Insider has written before about a State of Texas proposal to put advertising logos within freeway rights of way. Texas is proceeding with a pilot project to evaluate the feasibility of putting logos onto government highway signs in the right of way. Insider has attached a September 20, 2016 letter that Transportation Secretary Anthony Fox sent to Congressman Ted Poe on the issue. The Federal Highway Administration has assembled a panel of national experts to conduct a review.
Phase 1 will involve a closed course evaluation and lab simulation to evaluate how drivers behave in response to a sign in the right of way.
Phase 2 will involve open road testing of a limited number of locations to evaluate how users respond to the signs.
Insider’s take: If you are a Texas outdoor advertising company you need to be letting Texas DOT, the FWHA and your state legislator know that you aren’t happy that your regulator is entering your business. Here are three reasons why this proposal is misguided.

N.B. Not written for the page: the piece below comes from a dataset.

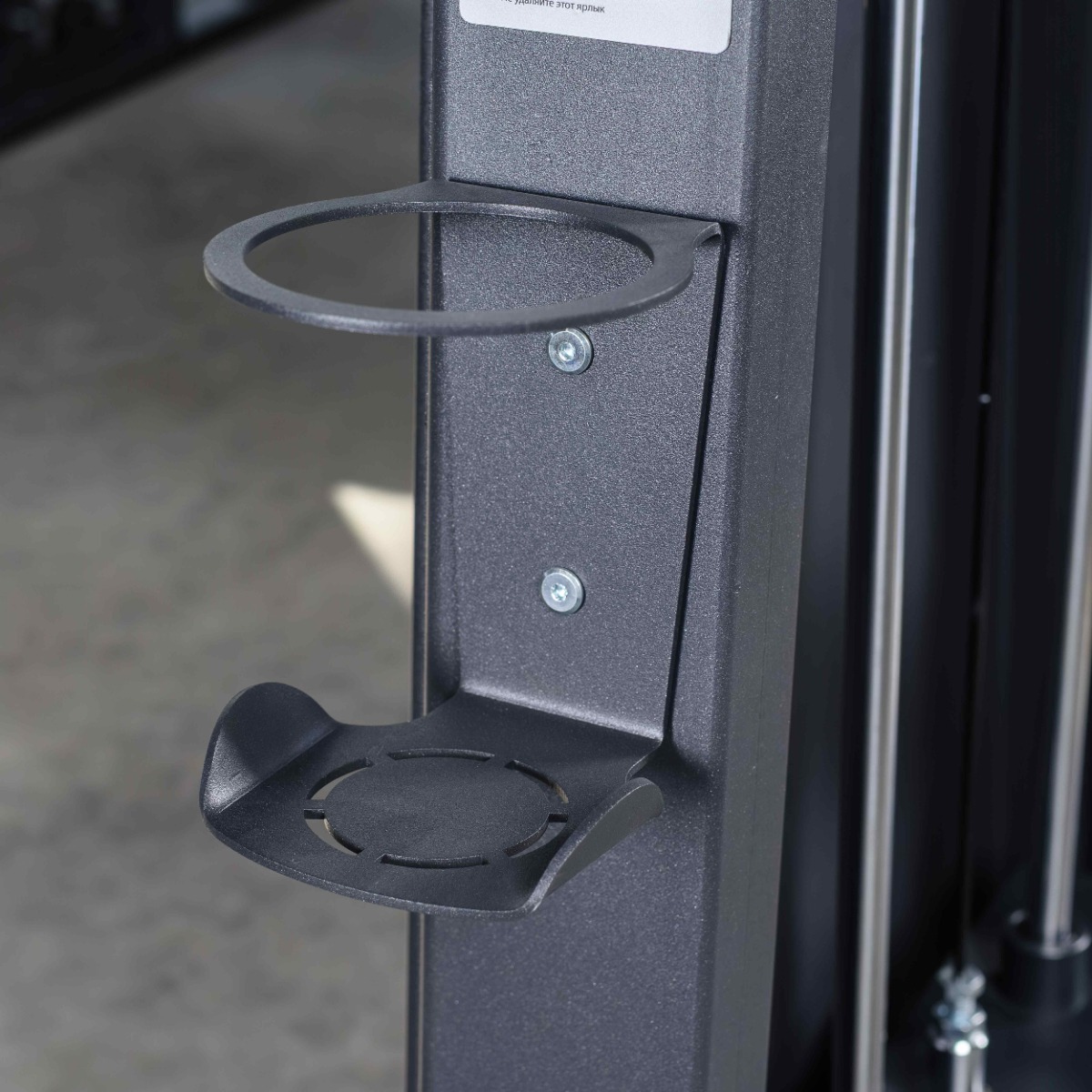 На раме тренажера закреплён металлический держатель для личных вещей.

- It threatens state highway funding. The federal government prohibits advertising on federal rights of ways. Any State which runs advertising on public safety signs must obtain federal signoff or face loss of federal highway funds. Both are bad options; the Federal Highway Administration should retain its longstanding policy to prohibit ads within the right of way.

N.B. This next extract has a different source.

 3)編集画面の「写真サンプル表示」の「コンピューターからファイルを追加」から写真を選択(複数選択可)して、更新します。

- It smacks of hypocrisy and self-dealing. Freeway advertising is bad except if we are getting paid seems to be the message. Insider thinks that any State which has stringent outdoor regulations and permits advertising on state public safety billboards is asking for a lawsuit by disadvantaged private billboard companies.
- It creates free speech issues and disputes. Several states have tangled with free speech issues in their Adopt-a-Highway programs. Volunteers who pick up litter along highways are recognized as sponsors on Adopt-a-Highway signs on the public right of way. In 2012, Georgia denied a Klan group’s application on grounds that the Adopt-a-Highway program is for “civic-minded organizations in good standing.” Rejecting that reasoning, Georgia Courts said viewpoint-based discrimination was not allowed under the Georgia Constitution.